Starting this year and probably for years to come, it must surely also honor the first responders, the nurses and doctors, who died while serving in this brand new war we’re all fighting, even as they stumbled through daily mine fields of rules, data, warnings, lies and misinformation.

But then, you know all of this and it’s almost summer. My dreams of summer always begin early in the dark nights of autumn as October slips away. I’m not a real Mainer. I just came East for the lobster and ran out of money.

And here I sit beside you, just hunkering down and waiting for the all-clear sirens. When my Hollywood life grew tiresome, I came here to find the summers of my childhood and you took me in. It’s been more than you bargained for, and I thank you.
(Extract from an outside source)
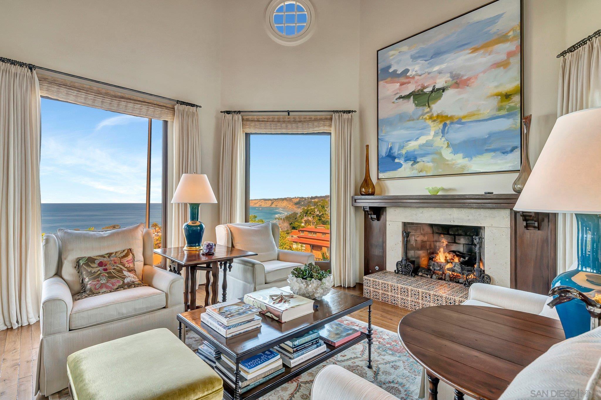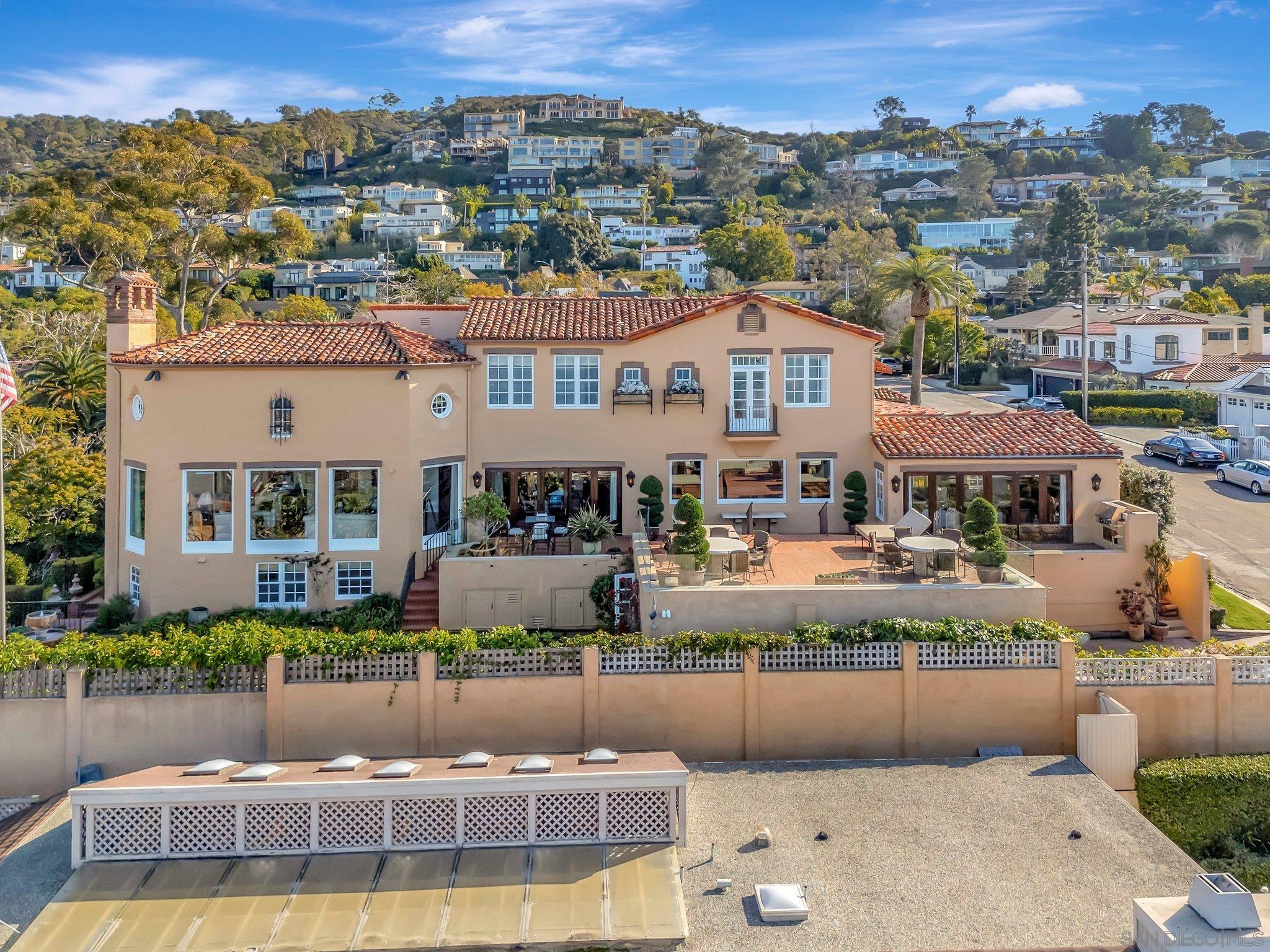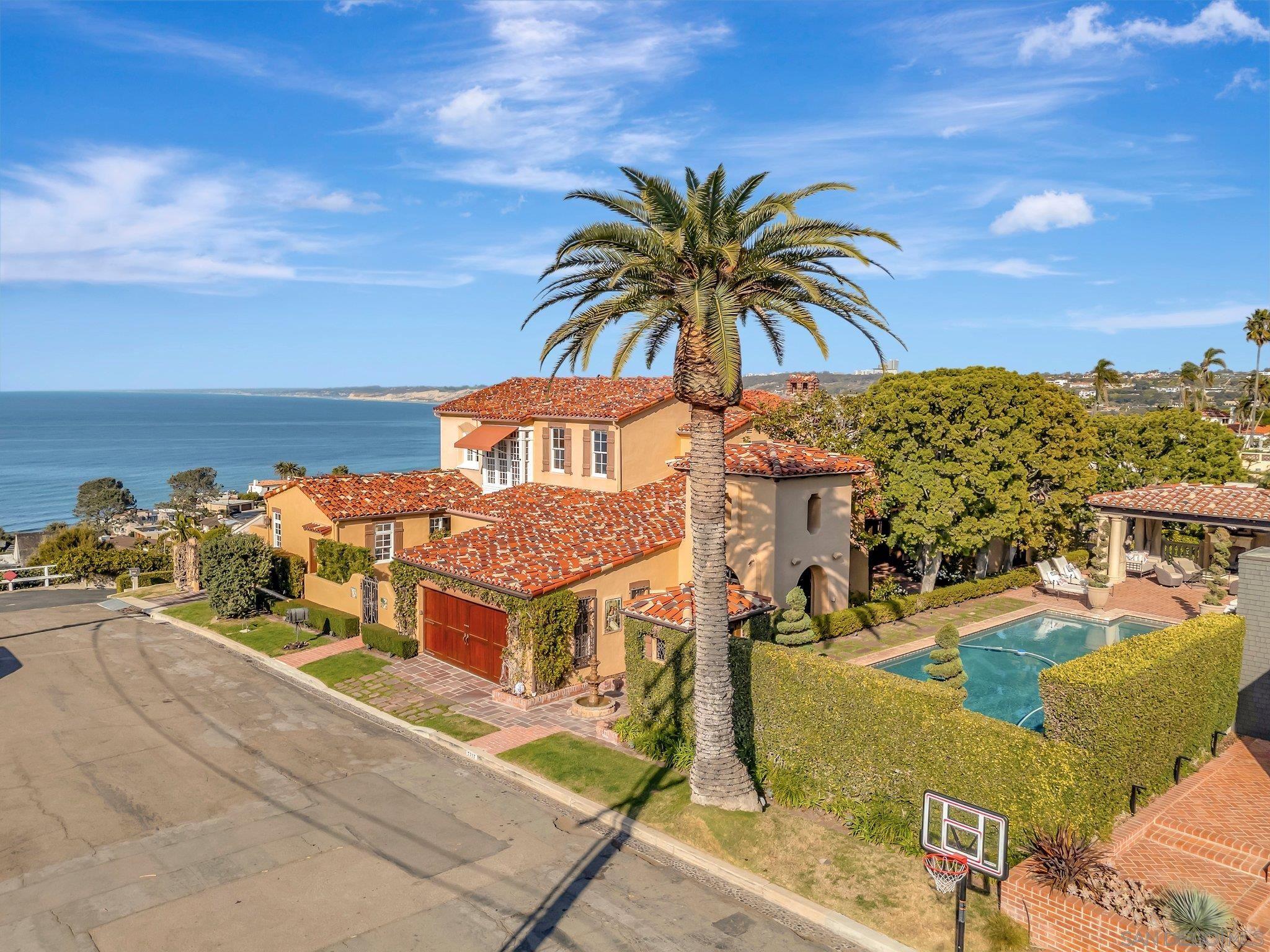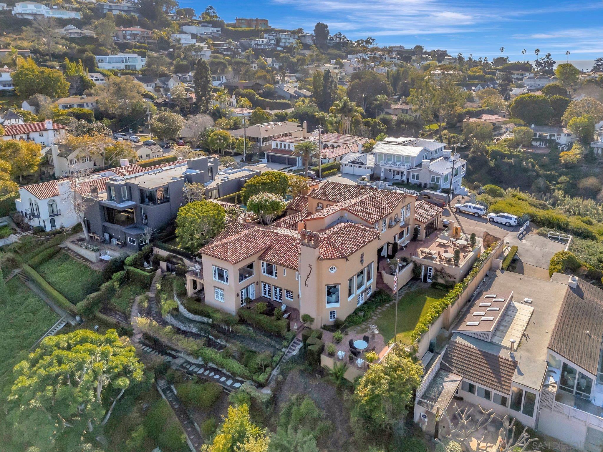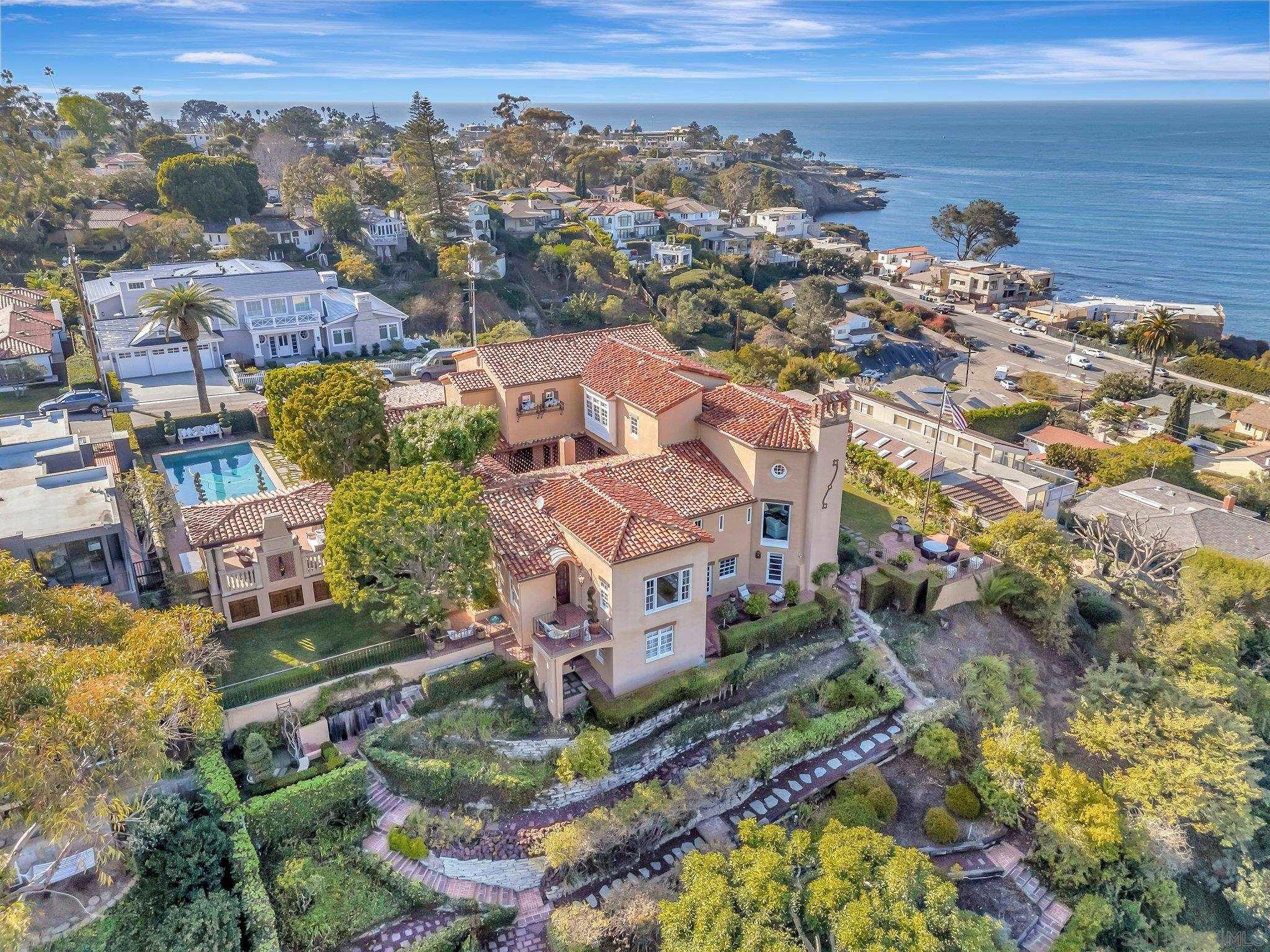 Welcome to "Casa La Jolla" this landmark renovated Spanish-Mediterranean Villa exudes Olde La Jolla elegance with sweeping ocean views from La Jolla Cove to Scripps Pier and was featured in the 2000 motion picture "Traffic". A noted interior designer's former residence was enhanced and embellished by current owners and has all main rooms on the ground floor, high ceilings, hardwood floors, with incredible indoor / outdoor flow for entertaining, an extraordinary vaulted ceiling living room and ocean view primary suite. 3 bedroom suites upstairs, and 2 more additional bedrooms on the lower level. A large ocean view deck and gorgeous courtyard patio areas are great for parties. Private pool and pavilion area. 3 levels of luxury nestled on a private .75 acre canyon rim lot at the end of a cul de sac. This is a rare offering with spectacular ocean views, iconic olde world charm and proximity to The Village in the coveted Lower Hillside neighborhood of La Jolla.Interested in this Listing?
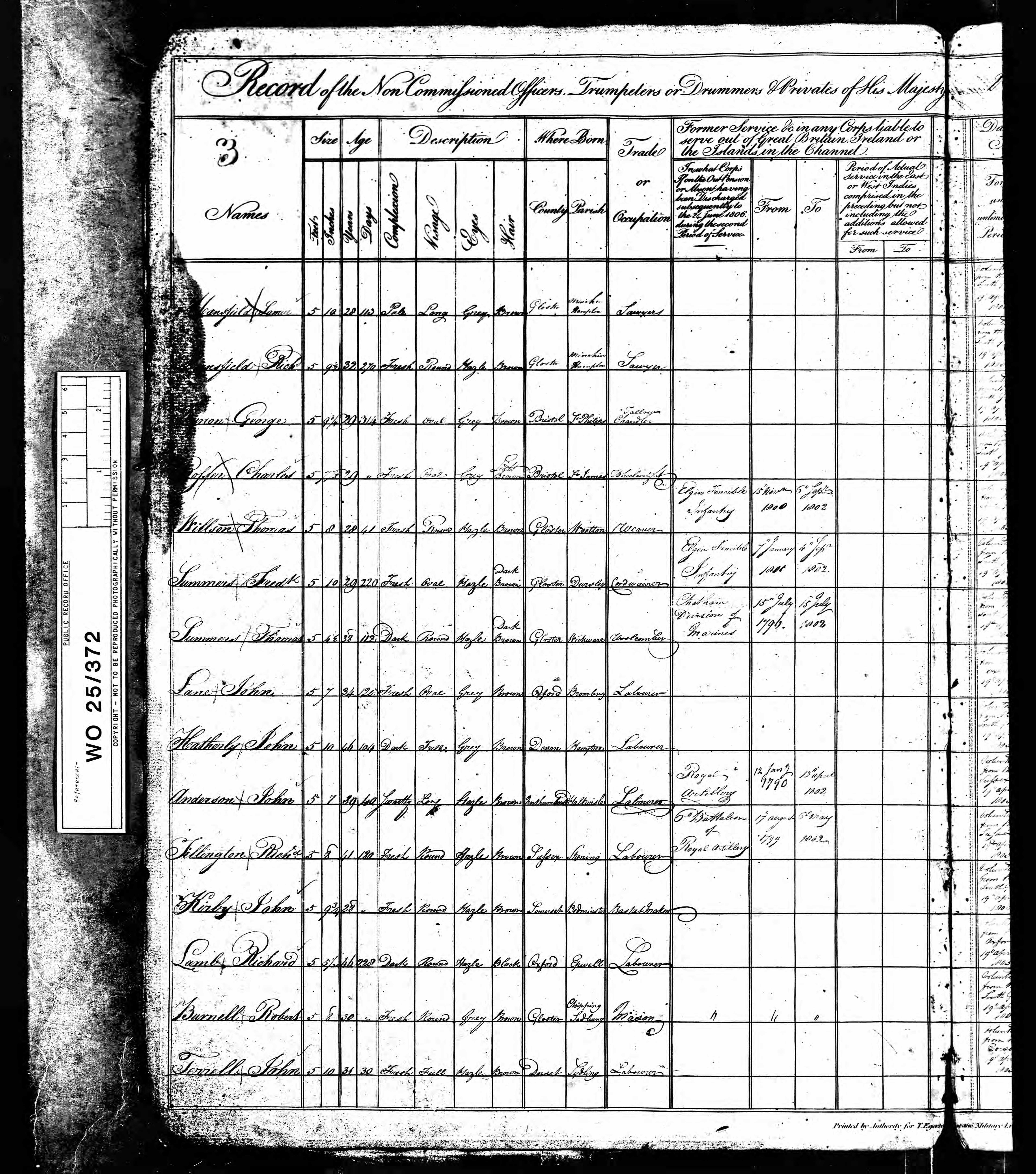 | Birth | Frederick Summers - 35th Foot Soldiers List Format: application/pdf File size: 228 KB Type: Document Highlighted image: no Note: WO 25/372 from the British Archives has information on Frederic Summers including his age, place of birth, date of separation from the Army. It also states he was a Volunteer from the South Gloucestershire on 19 Apr 1805.

It’s no secret that I’m a romantic child of the movies. Summer for me is an MGM season and every summer should look like “Meet Me In St. Louis” with ice cream trucks in the street, watermelon lunches and fireworks at twilight, drinks on the deck with someone beautiful, and someone putting supper on the table.

It should be about baseball and politics, stump speeches, flag buntings and first kisses. Hear those crickets and the slamming of screen doors in the dark? Summer.

Well, once again, June is nearly here, folks, all dressed in white shorts and flowered tops, new running shoes and sunglasses, waiting for the starting pistol shot to let the good times roll.

Even though we’re told that there will be no fireworks exploding over the Kennebec this summer, fire crackers will still be heard, and children will run around the yard with sparklers. Don’t give them all the details, just light the sparklers.

Sadly, there will be no nostalgic crack of the ball against wood, nor home run screams from Fenway Park, farmers market lettuce and onions.

But this is Maine where the very young and the weary old have decided to endure and engage.

Hope cautiously springs eternal, and bright young minds are coming up with sprigs of hope.

Among them, Central Maine Motors Auto Group owners Chris and Linanne Gaunce are working on a beautiful plan to reconfigure their pastures of shiny new cars and provide a magic field for a Waterville High School graduation ceremony. You want to support them with more than applause while you’re there supporting the kids? Buy a Toyota — and wear your mask.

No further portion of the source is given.